Why is multilateralism so important? It is partly because R2P represents a deeply cautious and tentative compromise between two important sets of rules -- the primacy of sovereignty and the primacy of human rights -- each of which plays a vitally important role in promoting human and global security. Neither should be easily disregarded on a whim by a single actor. While human rights must be protected, the U.N. Charter system itself is a collective public good: It ended a bloody history of great-power war and has ushered in the longest era of interstate peace in human history. States rightly allow exceptions to these fundamental rules only in extreme cases.

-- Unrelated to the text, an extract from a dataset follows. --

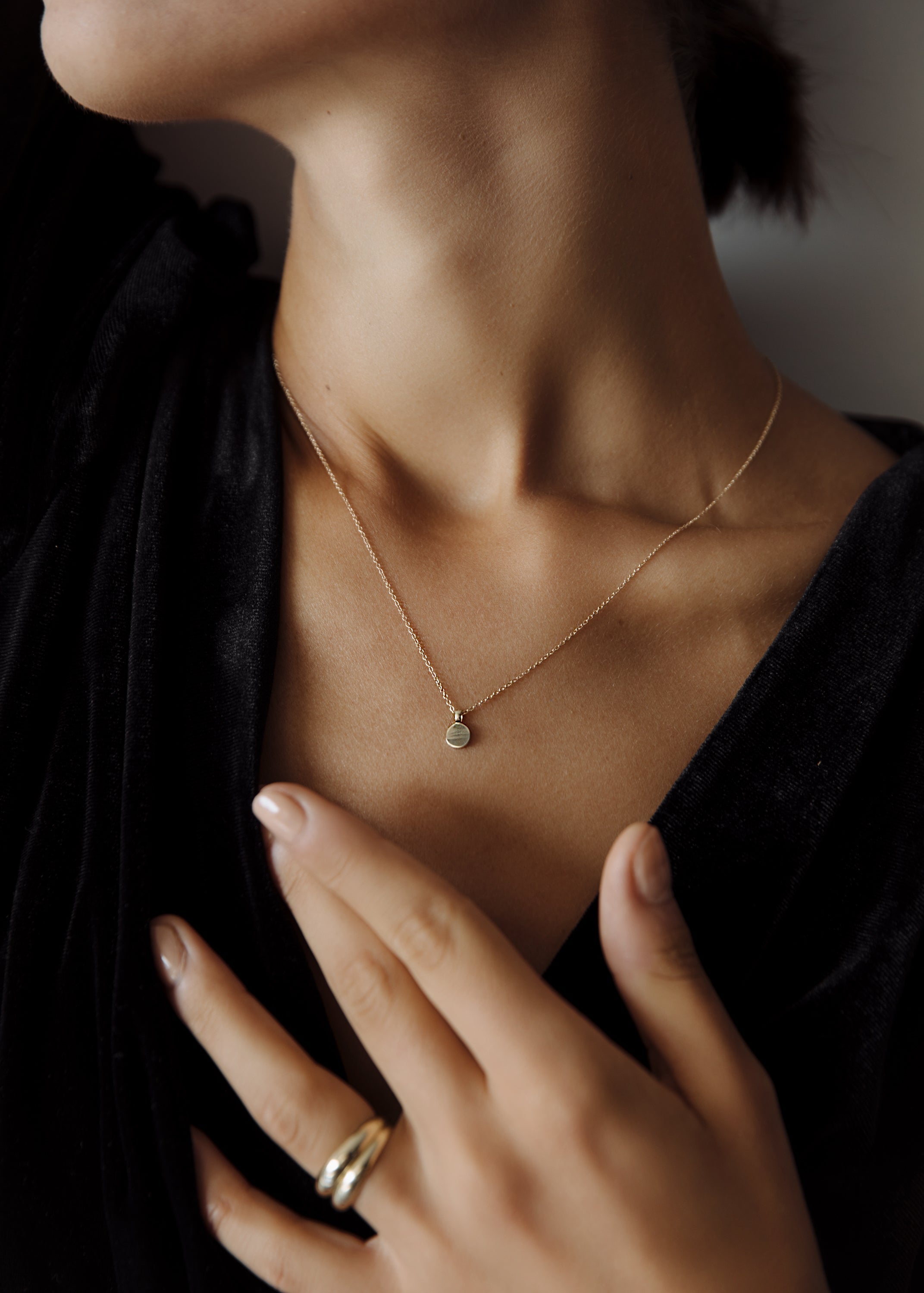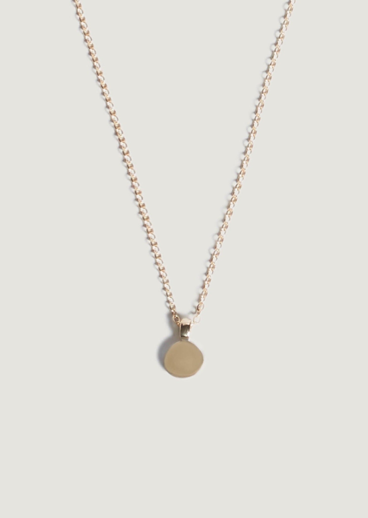 A love letter on a necklace—the Round Initial Disc Necklace is a memento and modern heirloom. Wear blank or engrave your signature letter. The pendant hangs from our Micro Rolo Chain Necklace.

The rule that governments should collectively judge whether that threshold has been met is also a check on hubris. R2P channels collective outrage, but when push comes to shove collective reticence is often a canary in a coal mine. That key members of the international community -- including countries like Turkey that have a valid self-defense argument due to refugee flows, and members of the Arab League that would be happy to see Assad gone -- are unready to themselves take the lead would be viewed through an R2P lens as an indication that caution and deliberation is warranted. Does this mean inaction is the best policy? Maybe. Maybe not. But it does mean that unilateral intervention, even to ostensibly protect civilians, doesn't make a war "humanitarian" in the court of global public opinion.